Posted by Ming the Merciless as Guest Author, Ming the Merciless

or Sexist Stereotypes in My Daily Life

I’m a sexist.

Today is the tenth anniversary of the Debian Social Contract and we are having some of the Boyfriend’s friends over for a pancake dinner. He suggested it last night around seven. I said it was okay with me. He’s going to make carrot-polenta European-style pancakes and I’ll make some blueberry-saffron American-style pancakes and possibly some mashed potato pancakes.

My first thought was “Oh my god, I have to clean.”

Not “We have to clean,” but “I have to clean.”

Because housekeeping is still, in my American psyche, the province of women. No one has ever judged a heterosexual man based on his housekeeping. Catty, cutting remarks are not made about the stacks of dishes on their sideboards. But women, ah women…

Maybe it was how I was raised, ostensibly a product of the Northeastern Protestant middle-class. “She’s a terrible housekeeper,” would be said in a lowered voice with raised eyebrows, and applied as equally to women who allowed junk to accumulate on hallway bureaus and left television sets undusted while last night’s dinner dishes waited in the sink as to women who allowed junk to accumulate on every flat surface and then on the surfaces formed by the junk, served dinner on paper plates because there were no clean dishes, and who had forgotten for months to purchase more bags for the vacuum cleaner.

Never a reflection on their husbands. “He’s a terrible housekeeper,” was never uttered.

Maybe it’s different in different parts of the country or different stratas of American society, but I doubt it with the overwhelming prevalence of advertising showing tidy looking women thanking the toilet genie for a new and improved, extra-strength, lilac-scented product; admiring their reflection in gleaming floors, or smiling as they dust the blades of a ceiling fan with a specially designed apparatus containing components developed by NASA. I have a sneaking suspicion that Mr. Clean, with his knowing wink and solitary earring is homosexual. In my head he lisps “Girlfriend, we have got to do something about under that refrigerator!
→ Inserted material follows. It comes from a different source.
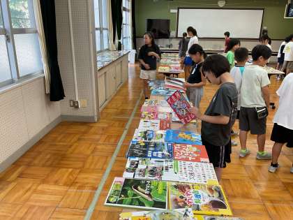 自分が学校図書館においてほしい本を1 冊選んで投票する選書会を行いました。表紙や題名からどんな内容の本なのか、わくわくしながら読み、1冊を選んでいる様子が見られました。

It’s shameful!” He and the Brawny paper towel lumberjack are almost certainly one of those on-again-off-again couples.

I don’t know who does the cleaning in a particular home, whether it’s the man or the woman, or whether they split it equally, but in the back of my mind the credit for a tidy, well-kept house goes to the female half. The blame for a poorly kept one, even if the mess is obviously male in origin, also goes to her. (I suppose if I ever had occasion to make judgments on lesbian housekeeping I could assign credit and blame equally.)

I never thought about it until I left America.

Sweden, with it’s emphasis on equality in both public and private life, made me stop and reflect on the anachronism in my attitude– while I scrubbed the toilet because I would be mortified if our guests think I’m a bad housekeeper.